None of that dents the core claim: a result the agent claims is success, run past a contract before you accept it, is the difference between catching cust_9999 at the gate and finding it downstream a week later.

The one question I’m still chewing on

The hard line is between effects a contract can check and effects only a human can judge. target_id in allow_list is crisp — machine-checkable, no argument. “Is this invoice correct” is not, at least not obviously: the amount, the line items, the tax, the customer’s actual intent. I’ve been encoding more of “correct” as post-conditions — read the record back, assert the total matches the order it references — and it works until the assertion itself needs judgment. Where do you draw the line? How does your team encode “the invoice is right” as a machine-checkable post-condition instead of a human eyeballing it? If you’ve pushed that boundary further than an allow-list and a read-back, I’d genuinely like to see how — drop it in the comments.

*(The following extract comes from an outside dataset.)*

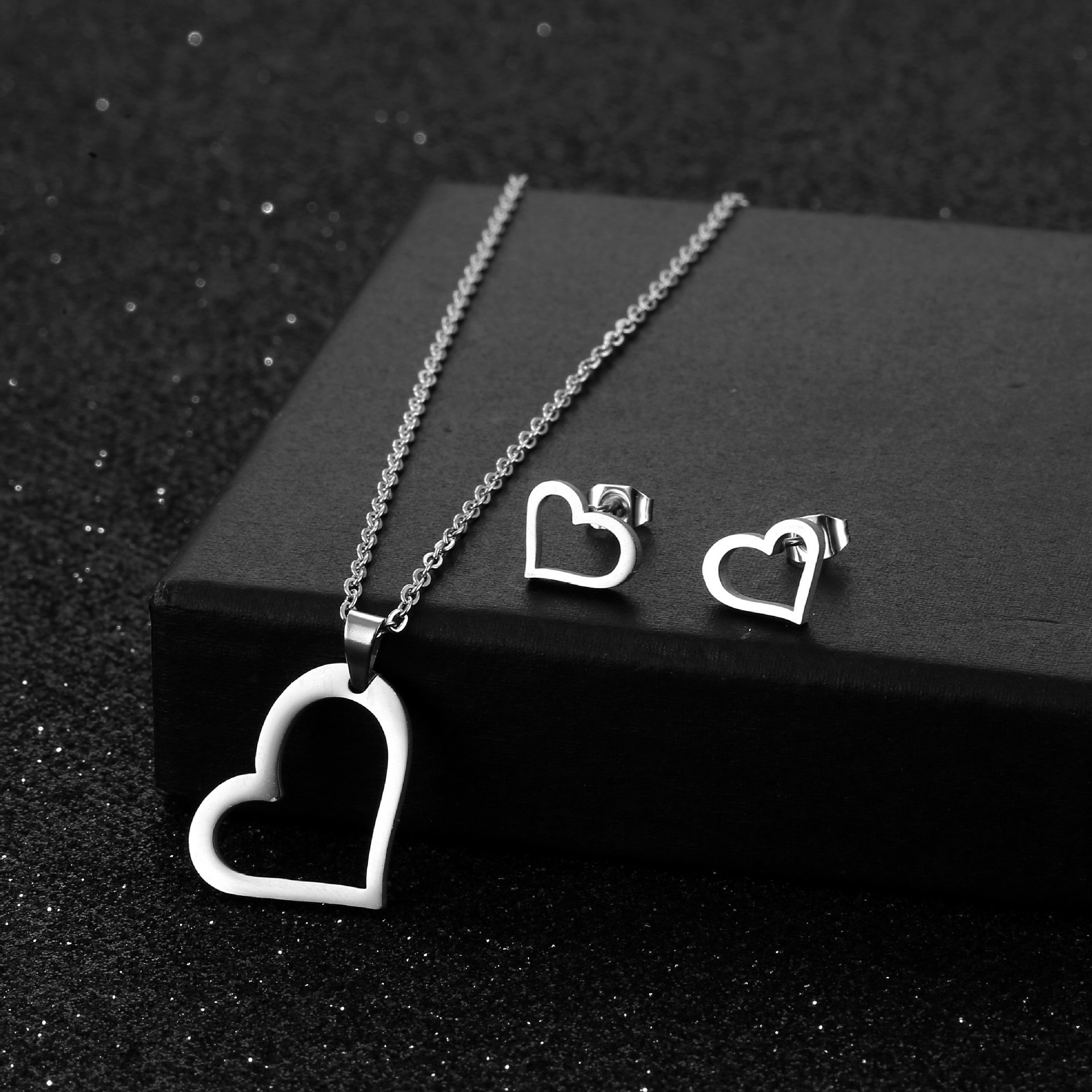 Mexico Love Necklace Earrings Set Women's Cross-border Simple Heart-shaped Necklace Hollow Stainless Steel Jewelry Three-piece Set
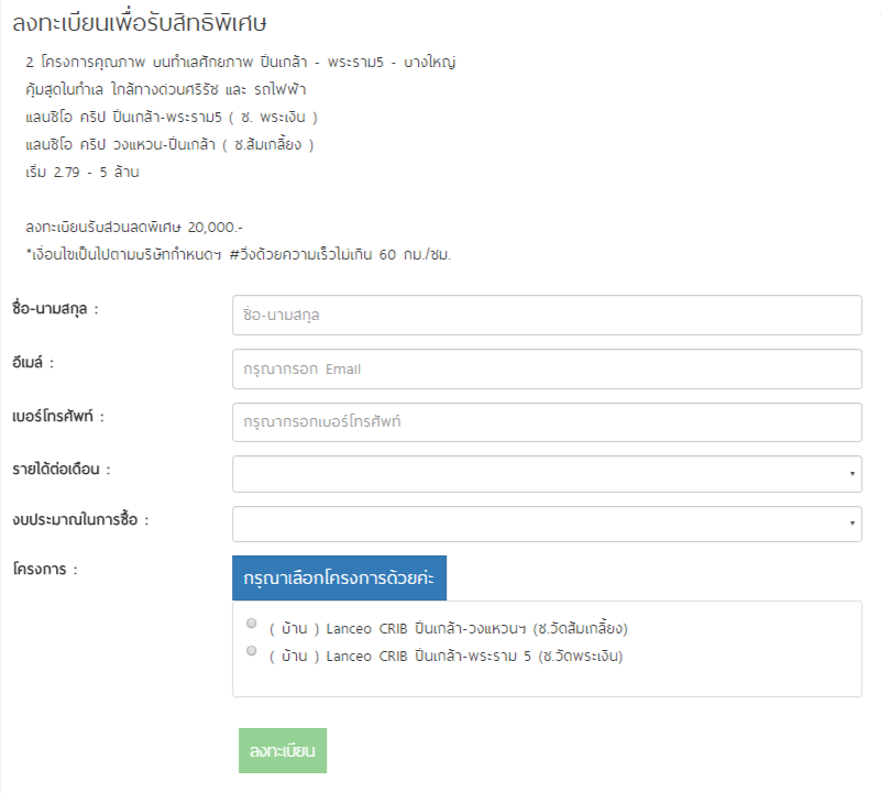 บริษัท ลลิล พร็อพเพอร์ตี้ จำกัด (มหาชน) ส่ง 2 โครงการคุณภาพ บนทำเลศักยภาพ ปิ่นเกล้า - พระราม5 - บางใหญ่ กับโครงการ "แลนซีโอ คริป ปิ่นเกล้า-พระราม 5 (ซ.วัดพระเงิน) (Lanceo CRIB Pinklao - Rama 5)" พบกับบ้านเดี่ยว Kingsize ตกแต่งสวนมาให้ พร้อมเปิดโซนคลับเฮ้าส์ให้คุณได้จับจองแล้ววันนี้ และอีกโครงการ "แลนซีโอ คริป ปิ่นเกล้า - วงแหวน (ส้มเกลี้ยง) (Lanceo CRIB Pinklao - Wongwaen)" พบกับบ้านพร้อมสวน เพียง 5 นาที จากทางด่วนศรีรัช คุ้มสุดในทำเลแถบนี้ ใกล้ทางด่วนศรีรัช และ รถไฟฟ้าสายสีม่วง บางซื่อ - บางใหญ่ ท่านที่สนใจสามารถลงทะเบียนรับส่วนลดพิเศษ 20,000 บาทได้ที่เว็บไซต์ของลลิล พร็อพเพอร์ตี้ท่านที่สนใจสามารถลงทะเบียนเพื่อรับสิทธิพิเศษได้แล้วที่ลิงก์ด้านล่างนี้แลนซีโอ คริป ปิ่นเกล้า-พระราม 5 (ซ.วัดพระเงิน) (Lanceo CRIB Pinklao - Rama 5)

This is part three of a series on pre-execution control for agents: don’t let them overspend, don’t let them send a bad transaction, and don’t accept a success they never achieved.


Written with AI assistance and reviewed/edited by a human. The code in this post was run before publishing; the output block above is from a real run (2026-06-08). External figures — BFCL v3’s 2–5% invalid tool calls (via Future AGI), Agentmelt’s 95–99% vs 70–85% structured-vs-unstructured action success, the arXiv 2602.22302 figures (1,980 sessions, 5.2–6.8 soft violations/session, 200 scenarios), and Cycles’ 89%/62% survey split — are as reported by those sources; check the originals before quoting.